Thanks Lindy, I thought that would be the case.. 

What hardy shrimp would you recommend and should I make any changes to the WP or keep it the same?


Sent from my iPhone using Tapatalk


----------



## Lindy

Neocaridina such as cherry shrimp should be fine. They are much hardier and are happy in a higher tds/gh. Caridina such as Crystal red shrimp might do ok but you'd really just need to give it a go. You can see quite quickly if they aren't happy as they will just stop doing anything. Unless shrimp are moulting they are always busy. 
However if you reduced your light, with some floating plants for instance, you don't need co2 or high doses of ferts.
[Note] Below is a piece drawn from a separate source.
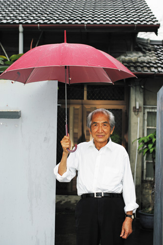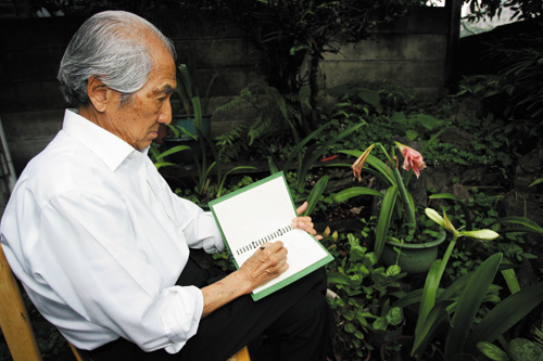 日式老宅庭院裡的禽鳥與花草,都是老先生作畫的題材。

Sent from my SM-G920F using Tapatalk


----------



## Lindy

Sorry for the terrible photo but this is my wee dennerle scapers tank. I water change once every couple of months, clean the filter every few months, no co2 and rarely put any ferts in. I had just butchered the rotala before this pic so it looks awful! 




Sent from my SM-G920F using Tapatalk


----------



## tayloss

Still looks good tho  I don't know what to do to be honest as feel stuck between algae and shrimps... 

I thought you could have shrimp with a high tech tank, but am guessing from your comments, more hardy RCS variety?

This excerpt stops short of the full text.